Last year, I stopped using my regular small-town oil company because the fixed price they were offering was a lot higher than what other companies were offering. I would have liked to remain loyal to them, but the cost difference was just too great to ignore. They had bought all their oil in bulk just before prices dropped and, though I felt sorry for them, decided that my budget came before my customer loyalty. I ran with another company. Let's call them "Petra."

This year, my tried and true small-town oil company's price was at least as competitive as Petra's. I knew I was contract with Petra had, after all, run out, so they wouldn't deliver any more oil to me. I signed a contract with Small Town Oil, Inc., my old standby company, and forgot about Petra. A salesman from Petra called my home number and left a message. I ignored it. Then Petra sent a letter informing me that "if they didn't hear from me, they would continue delivering oil to me." that means the contract I signed last fall only protects Petra from having to give me oil at last year's price. It doesn't protect me from having an endless, unwanted relationship with Petra?

Apparently. I'd never before heard of those one-way contracts. They must be a newfangled thing in modern law practice.

So I called the company call center. Told the guy who answered I didn't want to do business with them this year. He said, "I'm sorry, I'll have to transfer you to customer retention. Only they can stop an account."

I sighed. Then I waited on hold. For 15 minutes.

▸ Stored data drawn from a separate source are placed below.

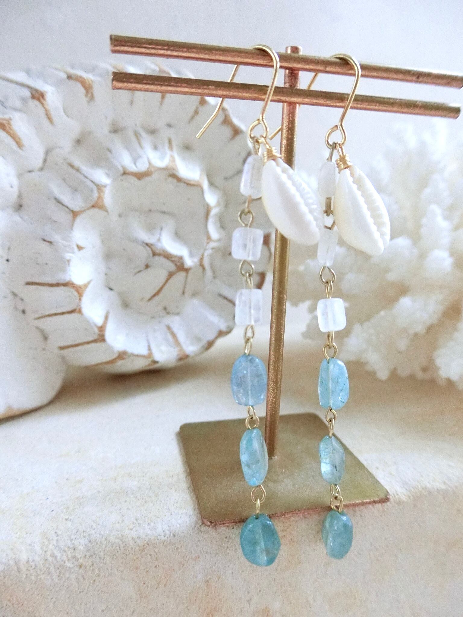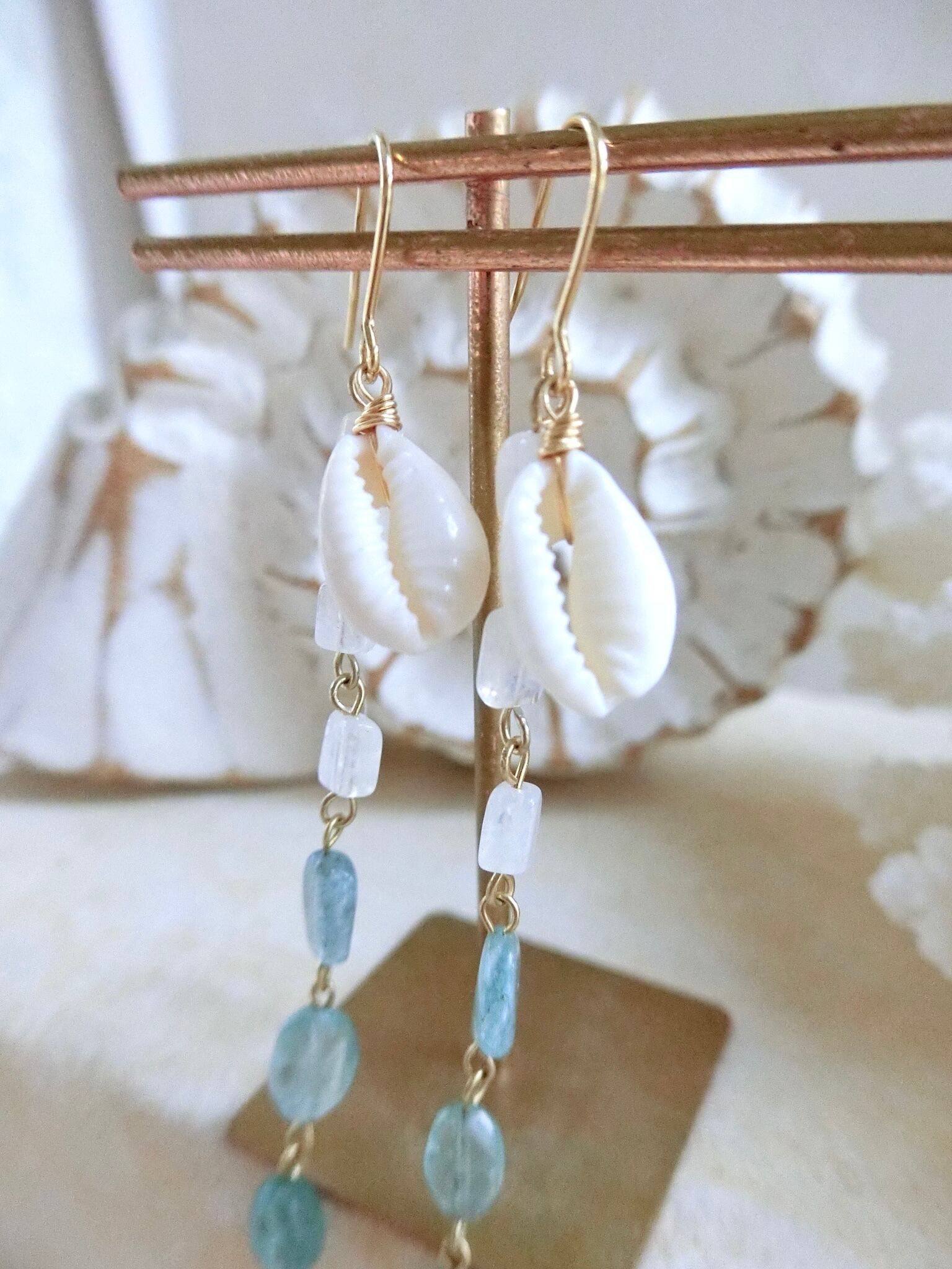 ポイントにタカラガイを耳元から少しぶら下がるようなデザインで合わせました。
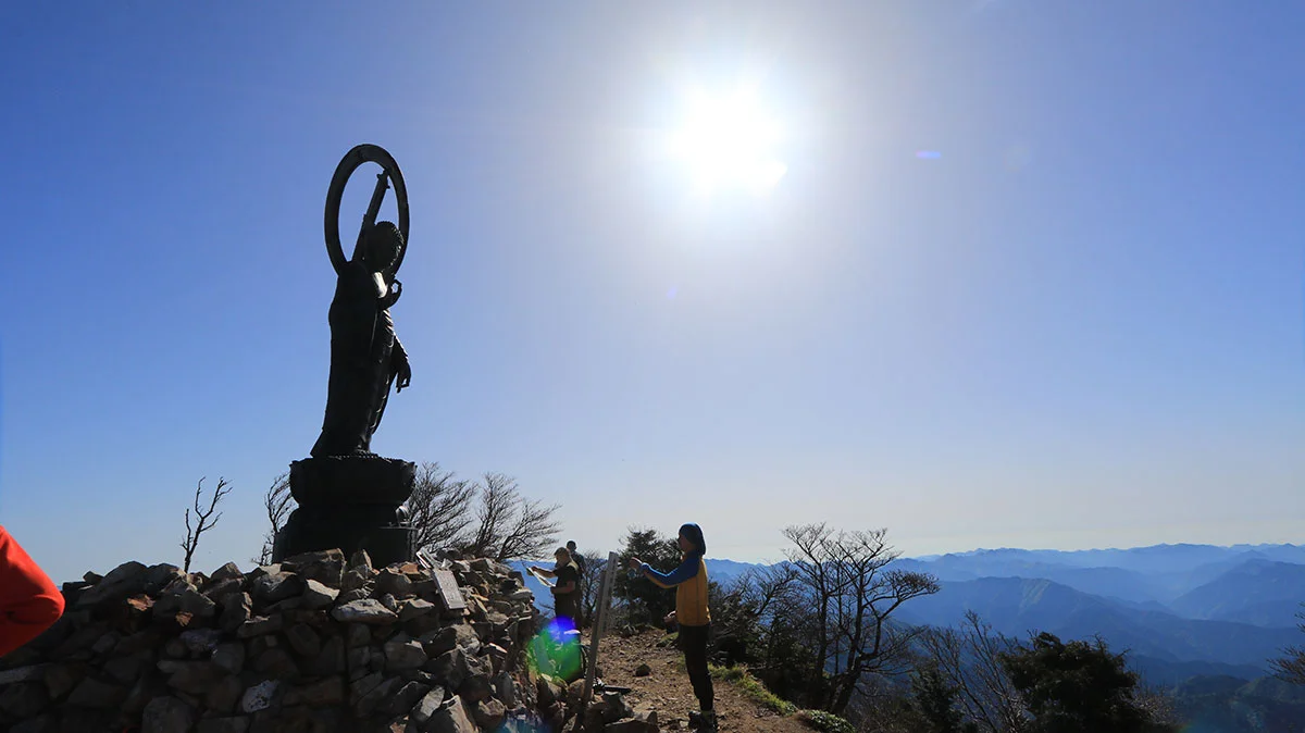 山頂には、釈迦ヶ岳の象徴である観音様がたたずんでいます。全長4m弱ほどありそうで、結構でかい!山頂スペースは、中央に観音様で、その周囲が休憩できるスペースになっているが、あまり広いとは言えない山頂。釈迦ヶ岳は、大峯奥駈道にある75の靡のうち、40番目の靡となる。
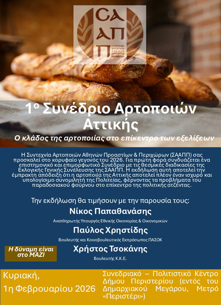 Η Συντεχνία Αρτοποιών Αθηνών Προαστίων & Περιχώρων (ΣΑΑΠΠ) διοργανώνει το 1ο Συνέδριο Αρτοποιών Αττικής,
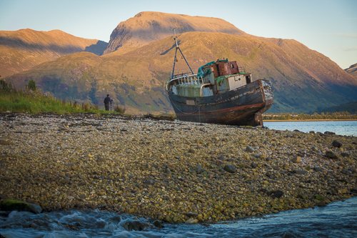 There followed our descent in a section of canal that contains the only surviving manually-operated road bridge at Moy, where the operator gave us a friendly wave. Crossing Loch Lochy we had a couple of presentations on history and photography respectively, before beginning our descent of Neptune’s Staircase, a flight of eight locks in succession, each one lowering the vessel by eight feet, until we arrived close to sea level at the Corpach Basin with just the sea lock on the canal’s Atlantic side ahead of us. Beside us the impressive bulk of Ben Nevis, often shrouded in mist but with today’s crystal-clear visibility it was possible to see the gentle southern path to the summit as well as the brooding northern rock-faces, the latter attracting ice-climbers to the area in the winter months making this an all-year destination for mountaineers.

Keep in mind, the point of this exercise is that Petra is TRYING TO RETAIN ME AS A CUSTOMER. Don't you put all the customers you're trying to keep on hold for a quarter hour? Finally, the original guy came back on. He informed me no one was available in customer retention, I'd have to call back.

I said, "Pardon me, but it sounded like you said *I* would have to call the customer retention department back?"

"That's right," he said.

"But I don't want to be retained. I just want you to stop all oil deliveries or service on my oil burner."

"I can't do that," he said. "Only customer retention can do that."

I was silent for a moment. "Are you spotting the irony here?" I asked.

Apparently, he wasn't.

I gave him my cell phone number, since he couldn't tell me when "customer retention" was going to call and try and retain me. I also informed him that since I had called and informed a company representative that I no longer wanted to do business with the company, I would not pay for any products or services Petra tried to foist upon me. He yawned and hung up the phone.

Yesterday, my spouse was home sick with a cold. "Petra called," he told me when I arrived home. "Said they won't cancel the account without talking to you. Wouldn't take my word for it. They want you to call them back."

Keep in mind, this is still Petra trying to "retain" me. Apparently, giving them my cell phone number had been the equivalent of whistling into the wind.

I still haven't spoken to Petra. I've had about all the retention I can stand. I'm almost tempted to just let it go and see if they try and shower me with more retention, then try to charge me for it.

The only thing I'll be "retaining" after that is a lawyer.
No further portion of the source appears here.